* **Information provided**:
⁂
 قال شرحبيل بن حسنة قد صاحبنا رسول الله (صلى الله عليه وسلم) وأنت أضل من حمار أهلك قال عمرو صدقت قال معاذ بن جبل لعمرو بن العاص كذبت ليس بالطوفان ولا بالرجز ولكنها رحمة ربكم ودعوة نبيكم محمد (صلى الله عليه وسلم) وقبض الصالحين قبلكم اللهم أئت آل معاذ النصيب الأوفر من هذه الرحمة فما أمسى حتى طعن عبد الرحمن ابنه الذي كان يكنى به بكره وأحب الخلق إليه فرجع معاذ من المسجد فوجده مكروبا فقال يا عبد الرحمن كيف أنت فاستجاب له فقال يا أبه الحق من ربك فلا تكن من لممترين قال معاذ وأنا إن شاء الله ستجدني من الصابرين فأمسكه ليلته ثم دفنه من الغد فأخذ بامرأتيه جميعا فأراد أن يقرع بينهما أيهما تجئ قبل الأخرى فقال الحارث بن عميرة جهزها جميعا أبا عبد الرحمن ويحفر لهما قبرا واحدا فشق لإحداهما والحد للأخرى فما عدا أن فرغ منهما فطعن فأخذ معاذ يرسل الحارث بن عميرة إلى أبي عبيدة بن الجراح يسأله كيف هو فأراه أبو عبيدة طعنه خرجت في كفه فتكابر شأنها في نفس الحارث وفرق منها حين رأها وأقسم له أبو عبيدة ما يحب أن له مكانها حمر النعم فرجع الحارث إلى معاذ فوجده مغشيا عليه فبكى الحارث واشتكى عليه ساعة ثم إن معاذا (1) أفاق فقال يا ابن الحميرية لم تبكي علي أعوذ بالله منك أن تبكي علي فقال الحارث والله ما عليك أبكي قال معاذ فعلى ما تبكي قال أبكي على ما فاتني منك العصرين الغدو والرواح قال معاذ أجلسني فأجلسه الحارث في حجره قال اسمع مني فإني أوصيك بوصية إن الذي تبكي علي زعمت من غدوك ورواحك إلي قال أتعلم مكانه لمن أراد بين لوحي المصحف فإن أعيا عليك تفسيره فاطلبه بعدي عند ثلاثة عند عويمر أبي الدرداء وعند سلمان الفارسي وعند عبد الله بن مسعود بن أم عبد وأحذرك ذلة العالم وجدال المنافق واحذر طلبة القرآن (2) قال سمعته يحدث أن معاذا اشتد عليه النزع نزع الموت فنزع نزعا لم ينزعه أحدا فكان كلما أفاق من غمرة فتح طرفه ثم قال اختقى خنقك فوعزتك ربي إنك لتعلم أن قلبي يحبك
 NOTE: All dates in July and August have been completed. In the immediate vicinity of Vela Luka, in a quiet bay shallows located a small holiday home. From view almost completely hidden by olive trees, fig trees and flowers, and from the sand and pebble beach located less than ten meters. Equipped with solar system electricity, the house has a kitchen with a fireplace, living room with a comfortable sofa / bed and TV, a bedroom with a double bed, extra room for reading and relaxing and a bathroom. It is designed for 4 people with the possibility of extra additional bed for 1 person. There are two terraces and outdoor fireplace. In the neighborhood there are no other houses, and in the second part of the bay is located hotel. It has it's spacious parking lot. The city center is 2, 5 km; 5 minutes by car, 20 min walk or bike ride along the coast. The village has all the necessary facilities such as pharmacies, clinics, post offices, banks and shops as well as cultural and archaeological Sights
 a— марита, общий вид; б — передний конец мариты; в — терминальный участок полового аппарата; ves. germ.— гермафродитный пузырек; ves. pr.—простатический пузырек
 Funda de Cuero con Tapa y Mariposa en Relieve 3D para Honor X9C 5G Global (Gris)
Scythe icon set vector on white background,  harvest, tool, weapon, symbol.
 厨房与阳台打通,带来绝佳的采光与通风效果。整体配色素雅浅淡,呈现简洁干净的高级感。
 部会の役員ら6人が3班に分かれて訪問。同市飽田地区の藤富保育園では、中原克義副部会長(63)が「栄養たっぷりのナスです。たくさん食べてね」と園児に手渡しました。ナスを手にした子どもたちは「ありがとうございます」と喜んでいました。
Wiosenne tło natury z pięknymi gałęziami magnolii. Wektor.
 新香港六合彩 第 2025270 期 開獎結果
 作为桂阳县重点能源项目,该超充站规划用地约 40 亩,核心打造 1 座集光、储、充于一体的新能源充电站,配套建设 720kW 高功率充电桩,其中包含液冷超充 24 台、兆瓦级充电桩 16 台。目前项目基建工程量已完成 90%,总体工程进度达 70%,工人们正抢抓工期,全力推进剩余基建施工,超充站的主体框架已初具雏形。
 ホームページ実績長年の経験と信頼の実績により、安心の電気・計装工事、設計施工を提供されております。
⁂
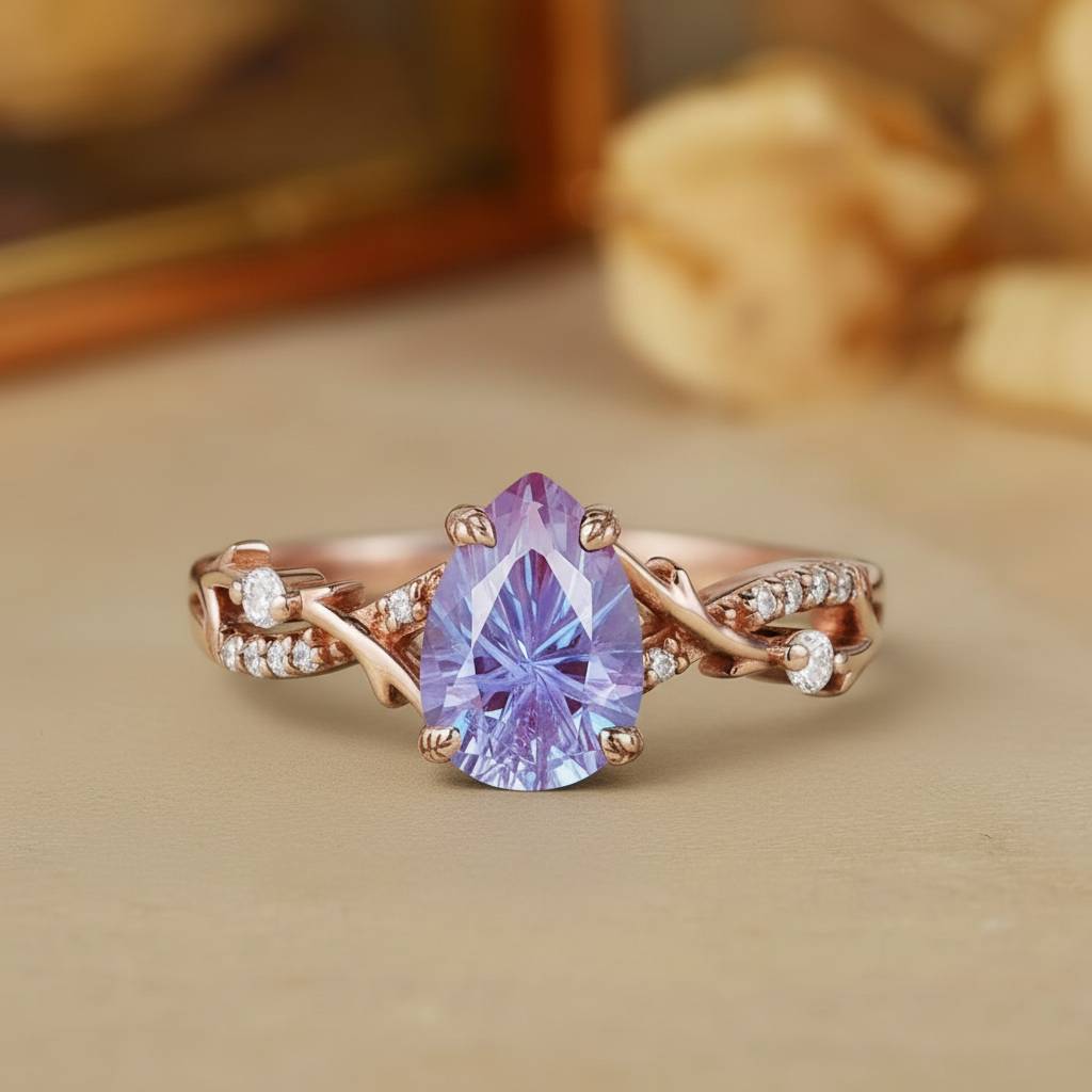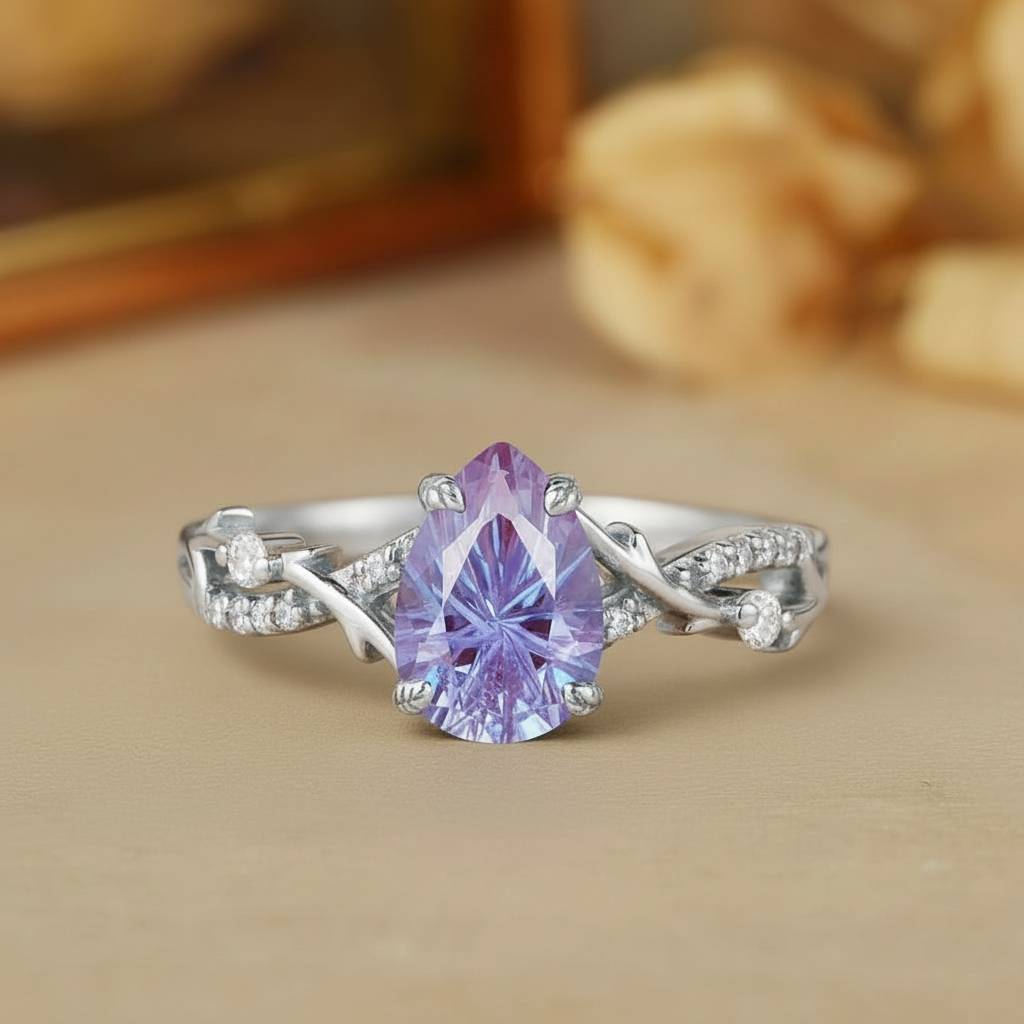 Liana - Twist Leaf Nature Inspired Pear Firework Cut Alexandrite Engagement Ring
⁂
* **Work to complete**:
Of all the entries above, output exactly the lines between the one holding "Funda de Cuero" and the one holding "ホームページ実績長年の経験と", inclusive.

* **Solution to the problem**:
 Funda de Cuero con Tapa y Mariposa en Relieve 3D para Honor X9C 5G Global (Gris)
Scythe icon set vector on white background,  harvest, tool, weapon, symbol.
 厨房与阳台打通,带来绝佳的采光与通风效果。整体配色素雅浅淡,呈现简洁干净的高级感。
 部会の役員ら6人が3班に分かれて訪問。同市飽田地区の藤富保育園では、中原克義副部会長(63)が「栄養たっぷりのナスです。たくさん食べてね」と園児に手渡しました。ナスを手にした子どもたちは「ありがとうございます」と喜んでいました。
Wiosenne tło natury z pięknymi gałęziami magnolii. Wektor.
 新香港六合彩 第 2025270 期 開獎結果
 作为桂阳县重点能源项目,该超充站规划用地约 40 亩,核心打造 1 座集光、储、充于一体的新能源充电站,配套建设 720kW 高功率充电桩,其中包含液冷超充 24 台、兆瓦级充电桩 16 台。目前项目基建工程量已完成 90%,总体工程进度达 70%,工人们正抢抓工期,全力推进剩余基建施工,超充站的主体框架已初具雏形。
 ホームページ実績長年の経験と信頼の実績により、安心の電気・計装工事、設計施工を提供されております。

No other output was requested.